The failures in current natural resource management options perhaps suggest a need for policy
changes in order to capacitate local institutional arrangements that monitor access to CNRPs
and exclusion of outsiders (free riders) from using the resources could be key to arrest the
decline (Ostrom et al., 1999). This suggests the need to build capacity through training and
resource availability aimed at sustainable use of natural resources. Integration of resource
alternatives identified by communities through participatory land use mapping and planning
will be essential to reduce reliance on a declining natural resource base. Revival of ‘social
safety nets’ such as Humwe and Zunde raMambo that encourage farmers to work in groups,
acquiring inputs on time and enhance soil productivity through integrated soil fertility
management (ISFM) to improve crop and livestock production (Mapfumo et al.,
2013;Rurinda et al., 2014a) is necessary to reduce reliance on natural resources. This could
contribute further to the strengthening of livelihoods outside farming systems. In addition,
encouraging communities to diversify crop and livestock production by growing small grains,
and rearing of small livestock such as rabbits and goats for income generation will be
important in reducing reliance on a declining natural resource base. Such strategies will help
in improving the resilience of CNRPs to multiple challenges such as the adverse impacts of
changing climate, biophysical and socio-economic constraints. The data generated in this
study is not sufficient to predict and explain changes in availability of natural resources by the
year 2045. Perhaps inclusion of tools such as scenario planning that can generate creative
approaches to climate change adaptation by identifying the most uncertain and most
worrisome drivers of change thereby addressing uncertainty in natural resource management
(Moore et al., 2013).
87
6.5 Conclusions
A combination of human factors such as land use due to population pressure and increasing
rainfall variability in Hwedza by 2045 amongst other factors will continue to affect
availability of CNRPs. Developing alternatives for firewood, indigenous fruits and water
sources is key in reducing dependency on ecosystem services. Natural resource management
options that recognise gender roles and uneven power relations within households and
communities are likely to yield positive outcomes because men and women have different
resource needs.
88
CHAPTER SEVEN
Summary and recommendations
7.1 Importance of common natural resource pools in smallholder communities
Wetlands and woodlands were the most important common natural resource pools (CNRPs)
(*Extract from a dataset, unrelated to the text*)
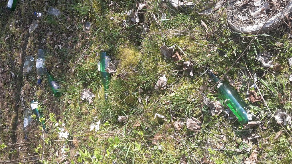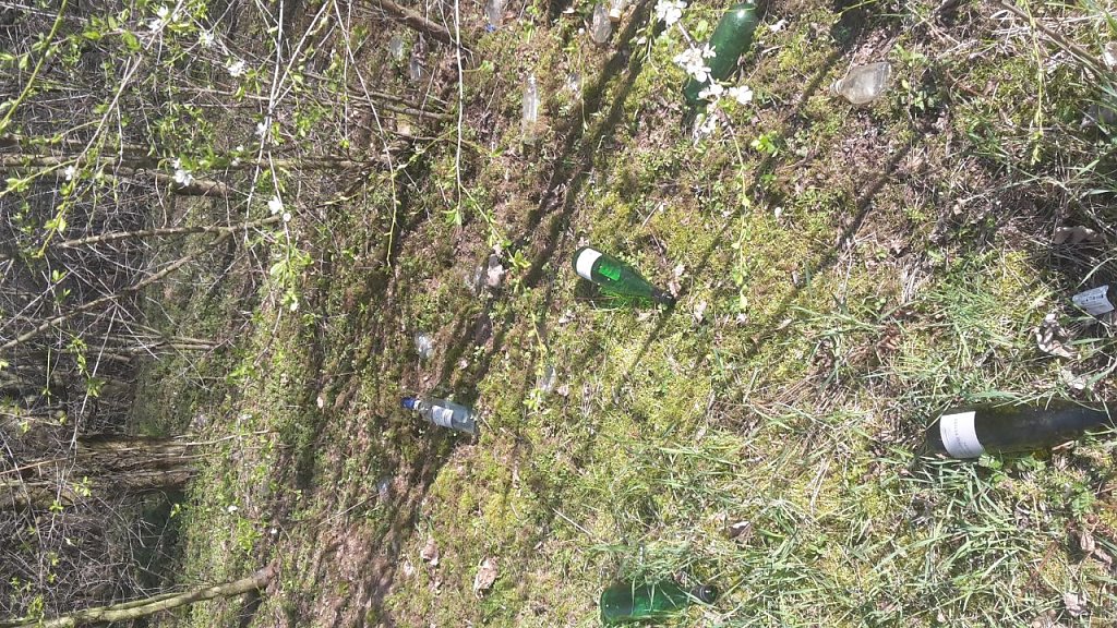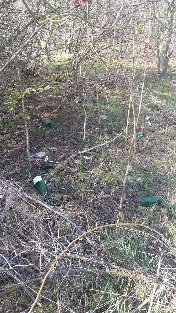 Offensichtlich wird dieses Versteck gern als Treffpunkt genutzt, aber dass eine solche Masse an Flaschen und auch anderem Müll zurückgelassen wurde, lässt mich doch sehr am Verstand und der Erziehung der Verursacher zweifeln! Ich hoffe und erwarte, dass diejenigen, die diese Mengen an Flaschen dort hinterlassen haben, sich aufraffen und den Müll beseitigen.
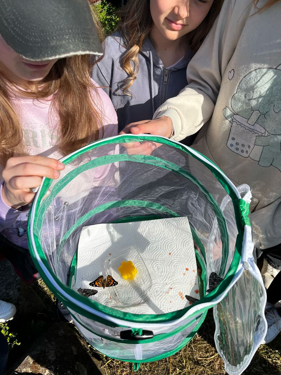 Auch in diesem Schuljahr war es Schülern und Schülerinnen aller Alterstufen im Fachraum Biologie möglich, Raupen beim Fressen und Verpuppen zuzusehen. Nach einer Woche im Puppenstadium sind gestern, am 20.05.25, alle sieben Distelfalter geschlüpft, sodass sie heute auf dem Schulgelände in die Freiheit entlassen werden konnten.

significantly contributing to food and income of smallholder communities in Hwedza district
particularly in times of climatic stress. These CNRPs were prioritised because of their
provisioning services as they provided diverse natural resources utilised as food (e.g. water,
Mazhanje (fruits of Uapaca kirkiana), and Hacha (fruits of Parinari curatellifolia)), raw
materials for crafts (Tsanga (Phragmites mauritianus) and Mutsvairo (Miscanthidium
sorghum)) and energy (firewood) (Chapters 4 & 5). The indigenous fruits have high-energy
content (Mithöfer and Waibel, 2003; Woittiez et al., 2013) and are available at the end of the
dry season to the beginning of the rainy season when most households have low food stocks.
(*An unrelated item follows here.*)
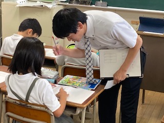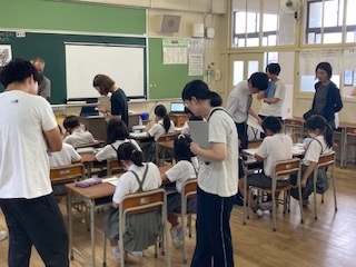 今日は5時間目に、3年生において算数の研究授業を行いました。年間を通して計画的に研究授業を実施し、互いに見合い討議を深めることで授業力の向上に努めています。大阪市教育センターからも講師先生に来てもらっています。今日の学習は、あまりのあるわり算で、場面に応じてあまりを的確に処理するという内容でした。子どもたちが自分の考えを数学的な視点を持って自分の言葉で説明できるように導くことがねらいでした。積極的に発表している子どもたちの姿がたくさん見られました。
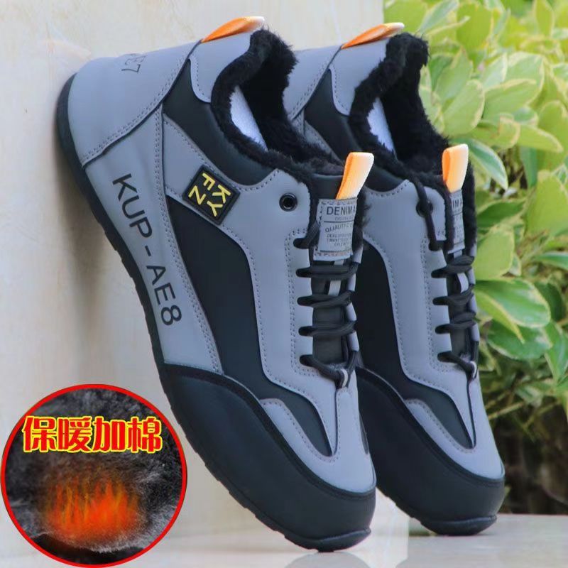 Кожа/хлопковая обувь плюс бархат [S13 серый]/усовершенная модель

Rural people in Hwedza prioritised Hacha and Mazhanje fruits because they have abundant
fruit yields during years of drought compared to other indigenous and exotic fruits (Woittiez,
2010).
Significant utilisation of wetlands and woodlands for food and income, especially by the
resource-constrained (RG3) households was influenced by smallholder communities’
perceptions on changes rainfall patterns. Because the RG3 households often do not produce
adequate maize yields that can suffice them until the next harvest, therefore in order to have
some form of food on their table; such households have to rely on alternative food sources
such as indigenous fruits. For example, RG3 households obtained 6% of their energy intake
between November 2011 and January 2012 compared to 4% by RG1 households (see Chapter
5). Fruits of U. kirkiana and P. curatellifolia reduce food insecurities among rural
communities during droughts because apart from being eaten as a whole fruit, they can be
89
processed into drink, porridge, and bread. These poorer households also engage in selling
both indigenous fruits and crafts made from Tsanga and Mutsvairo in order to have money to
buy more maize. Resource-endowed (RG1) households consume less fruits because they
usually can afford to buy maize during periods of severe drought, ensuring their food self-
sufficiency. Therefore, utilisation of wetlands and woodlands is an important way of coping
during periods of climatic stress such as drought particularly for the RG3 households and
intermediate (RG2) households.
7.2 Implications of a declining natural resource base on climate change adaptation
The major CNRPs, wetlands and woodlands, have been declining at a rate of between 10%
per decade from 1972 (Chapter 4). This decline is due to multiple factors such as land use
changes, over reliance of natural resource due to crop and livestock failure, increasing rainfall
variability and increasing temperatures (Chapter 5). Despite the observed trends in availability
of CNRPs, smallholder communities continue to increasingly rely on natural resources due to
limited livelihood options thereby exacerbating pressure on the resource pools. The decline in
ecosystem provisioning services impacts negatively on households and communities,
especially the RG3 households, who depend more on natural resources particularly during
periods of climatic stress such as droughts (Woittiez et al., 2013; Chapter 4). Increased
frequency of severe droughts per decade in Hwedza (Mtambanengwe et al., 2012) has seen
most years being described as ‘bad years” and this has resulted in RG3 households obtaining
poor maize yields lasting between 4-8 months, leaving them with little choice but to heavily
rely on a declining natural resource base. Owing to the low food stocks in most households,
there is increased demand for food from the declining CNRPs thereby creating competition
between households of different social circumstances. Such circumstances have forced
households to increase their labour investments from 17 hours year-1 during a normal year to
90
236 hours year-1 during a bad year when collecting indigenous fruits of Mazhanje and Hacha
(Woittiez, 2010). This has seen men increasingly playing a key role in extraction of water and
indigenous fruits people have to walk longer distances to collect natural resources than before
(Chapter 5). Projected changes in climate are perceived to decrease maize production by 30%
in smallholder communities such as Hwedza by the year 2030 due to low rainfall (IPCC,
2007a; Lobell et al., 2011; Rurinda, 2014) and reduce provisioning services of CNRPs
(Chapter 6). Besides reducing provisioning services, adverse impacts of climate change will
also reduce benefits from regulating ecosystem services such as livestock disease regulation
and pollination (IPCC, 2013). In addition, the microclimate effect that woodlands bring to
communities surrounding woodland will be lost. Therefore, a combination of low and poor
crop productivity and declining natural resource base will cause many smallholder
households, particularly RG3, to be more vulnerable and continue to be trapped in a vicious
cycle of poverty. This scenario may cause conflicts to arise that would impact negatively on
the ‘social safety nets’, thereby reducing resilience and further magnifying the vulnerability of
poorer households to both climatic and socio-economic stresses.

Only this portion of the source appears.